The inauguration welcomed the presence of the President of the Republic in what was a day of celebration for all, with applause and music, as Madeira took on a new stage. From that day onwards the island wasn´t quite as isolated, as options such as the boat or hydroplane were no longer the only means of leaving and arriving at the island.

The airport was designed as a means of tackling isolation, but also to better serve tourism. In five decades it has been the main door of entrance for island visitors.
For instance, in 1965, the first year of operations registered 1.724 aircraft movements carrying a total of 69.142 passengers. In 2013 those figures soared to 23.335 which corresponded to a total of 2,374.484 passengers.

During early years, flight movement was limited to five frequencies a week between Funchal and Lisbon. However, right from the very start charter flights were available and flew tourists over. The sea progressively stopped being the entryway to the island and Madeira kept up with the world trend of growth of air passenger transport in the 60’s.

Nowadays, reality is completely different. The initial runway which totaled at 1,600 metres is a mere memory. In 2013 the Madeira Airport was linked to 77 airports and airplanes from 43 airline companies touched down on the runway, mainly from European countries and cities such as London, Paris or Berlin.

Up to the present moment, this year welcomes 7 new routes: Dijon, Clermont Ferrand, Beauvais, Perpignan, Erfurt, Gdansk and Wroclaw in addition to 2 new airline companies, Volotea and AeroVip.

The airplane which inaugurated the airport, on the 8th of July 1964, was not the first plane to land on the Santa Catarina runway. In 1957, a number of test landings were carried out on an improvised version of the runway which backed the idea that that was the ideal location for the airport to be built. The months prior to the inauguration of the runway were used for crew training and to define operation limits, as touchdown on July 8th was just a formal act.

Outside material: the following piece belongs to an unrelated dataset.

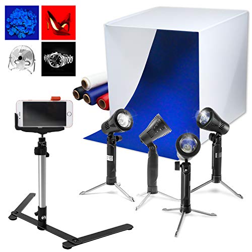 LimoStudio 24 x 24” Cubic White Photo Box Tent, LED Table Top Light with Stand Legs, Mini Camera Stand, Cellphone Clip, Photo Video Studio, AGG1071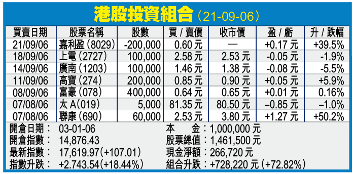 廣南(1203)近期成交疏落,連續多日嘜在1.38元收市,隻股基本因素無問題,現價亦非偏高,但不知何時再開車,若有其他更好的選擇,會沽貨套現換馬。富豪(078)公布完業績後走勢轉淡,昨收0.65元,跌0.01元,若走勢無改善會沽出換馬。

Gathering efforts to mastermind this construction was not an easy task as the public tender for construction was only launched in 1961. The Madeira Airport is not the oldest of the archipelago. The island of Porto Santo saw its runway inaugurated in July 1960, an option temporarily regarded as a solution which would see passengers taken to Porto Santo and subsequently brought to Madeira via boat.

The initial runway would quickly reveal to be insufficient for operations of larger airplanes which required longer distances for takeoffs. That reality became clear on November 19th 1977 when a Boeing 727 of TAP crashed at the end of the runway, costing the lives of 106 of the 161 passengers on board.

The runway was eventually extended, firstly in 200 metres and later to its current length of 2,781 metres in total. The inauguration of the runway on the 15th of September 2000 was, in practice, the inauguration of a new airport as the current terminal, the third to be built, only started its operations in 2002. The Madeira Airport was finally equipped with an international runway that could withstand the operations demanded by long haul flights.

The runway masterpiece, partially built on pillars which run along an embankment in lieu of a previous bay, has been featured internationally as an engineering mastery. The engineer in charge of the project, Segadães Tavares, was distinguished with the IABSE Outstanding Structure Award in 2004, hailed by many as the “oscar” of the engineering world.

Currently, the Madeira Airport is likened to an aircraft carrier due to its shape. During construction of the “new airport”, aircraft movement never came to a halt. The new infrastructure substantially modified the landscape and increased several times over the total area of the airport.

The island’s main access hall is a modern structure which has increased considerably throughout the decades. As air transport is noticeably more common so are the services which grow alongside it. In the particular case of Madeira, the Airshopping space which gathers the commercial areas of the airport was subject to great investment, improving and increasing the number of shops in addition to the new restaurant area.

The terminal at the Madeira Airport includes a terrace with a runway view where family members and friends can watch their loved ones board and disembark some of the planes which are stationed on the runway. It is a space of nostalgia, where family members say their last goodbye before long absences, or happily greet those who are arriving. This terrace already existed in the previous terminal and was kept as part of the current one, for the sake of tradition. It is the best place to understand and take in the extent of an island’s isolation and to recall that aside from the tourist perspective, the airport is the main bridge between Madeira and its locals to the rest of the World.